Two international organisations have unveiled a nutritious and cheaper food supplement, the e’Pap, in a bid to alleviate hunger in Zimbabwe.

The food supplement, which costs less than a quarter of a dollar per serving, was introduced by Miracle Missions in conjunction with e’Pap Zimbabwe.

Miracle Missions is a Christian organisation involved in community work around the country.

E’Pap, which is already popular in South Africa, is a pre-cooked cereal made from unrefined maize and soya bean with 28 added nutrients, to focus on addressing micronutrient deficiencies, also known as hidden hunger.

E’Pap Zimbabwe representative, Shelley Lasker said the food supplement was not only full of nutrients, but has also been formulated to improve the ability of the body to digest and break down food, ensuring full benefits in one’s entire diet.

“E’Pap is a great tool for companies with social responsibility programmes,” she said.
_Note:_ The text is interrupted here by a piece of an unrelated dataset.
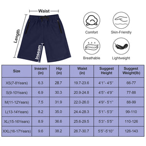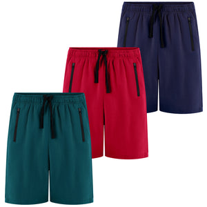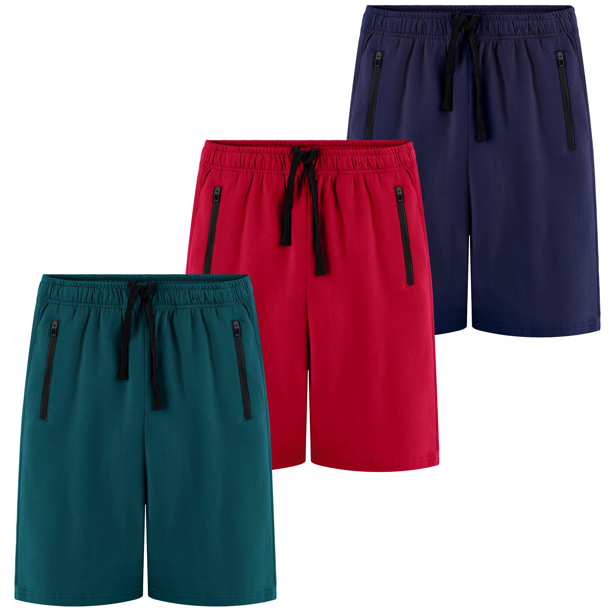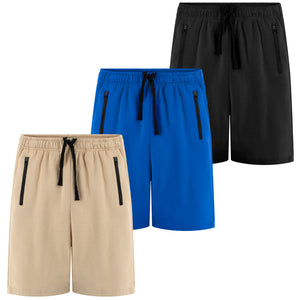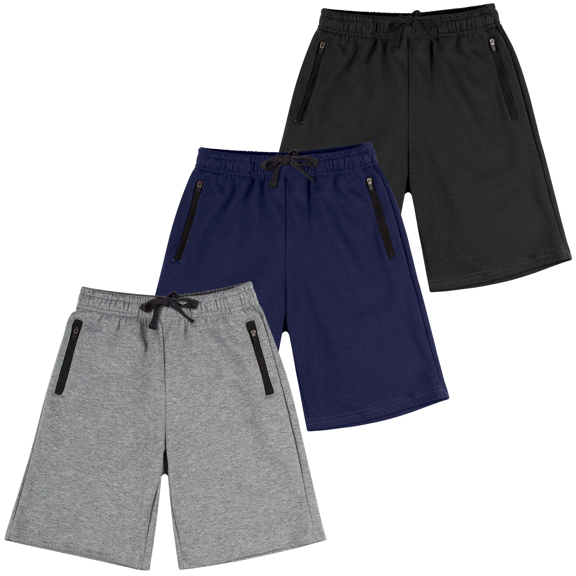 BIG ELEPHANT Boys' Active Shorts 3-Pack - Built with Zipper Pockets & Adjustable Drawstring, Youth Sport & Casual Wear (Sizes 7-17 Years)

The supplement comes at a time when over two million people in Zimbabwe are in need of food assistance following poor yields in most parts of the country, according to the World Food Programme (WFP).

Hunger is most prevalent in provinces such as Manicaland, Masvingo, Midlands and Matabeleland region.

Statistics from the Ministry of Health and Child Welfare indicate that about 12 000 children under the age of five die in the country yearly as a result of malnutrition.

Econocom Foods chief executive officer, Basil Kransdorff, a food expert from South Africa, said poverty has seen the emergence of a “sterile mono diet” focussed on maize meal, which does not address the daily nutrient requirements.

This, he said, was now called “hidden hunger” which e’Pap sought to address.

Hidden hunger is not the kind that comes from lack of food, but is a long-term, chronic lack of vitamins and minerals.

“Eating commercially farmed and over-processed sterile food may make us feel full, but our bodies will not ever be nutrient replete. Nutrient repleteness plays a vital role in helping human beings become functional,” Kransdorff said.